91% With a Mid-Tier Model: janus_test_009 and the Late-Run Surge
The Question
After janus_test_008 plateaued at 70% validation accuracy, we were left with an open question: was the ceiling a fundamental limitation of the architecture, or simply a symptom of insufficient evolutionary runway? Ten generations gave the meta-agent one meaningful edit. What would a hundred give it?
There was a more provocative framing lurking underneath. Meta's published DGM-H result on the same paper review benchmark — the one that made headlines — used Claude and GPT-4o, models at the absolute frontier of capability. It achieved 71% test accuracy.

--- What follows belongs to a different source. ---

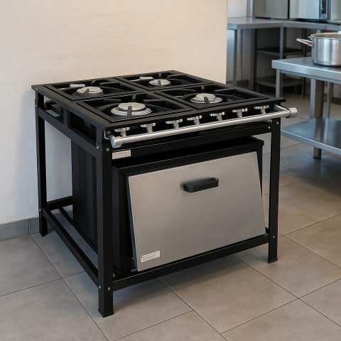Fogão Industrial prático e econômico para uso. Possui eficiência em seu forno, proporcionando melhores resultados em seus pratos. Praticidade em movimentação devido ao suas dimensões, podendo ser utilizados em restaurantes, lanchonetes ou até mesmo em chácaras (lugares para eventos). Outro ponto forte é sua durabilidade, sendo produto de maior duração aos demais concorrentes.

Could a mid-tier model, given the right architecture and enough time, match that?
We ran janus_test_009 to find out.
The Configuration
This was our longest and most ambitious run to date:
- 101 generations (~20 hours wall-clock time)
- Zero crashes — the infrastructure hardening from tests 006–008 paid off
- Model: GLM 5.1 — a mid-tier model, not a frontier model
- Meta-agent was ablated: it could only edit
task_agent.py, not its ownmeta_agent.pycode (no metacognitive self-modification) - 100-sample evaluation per split (up from 50 in test 008)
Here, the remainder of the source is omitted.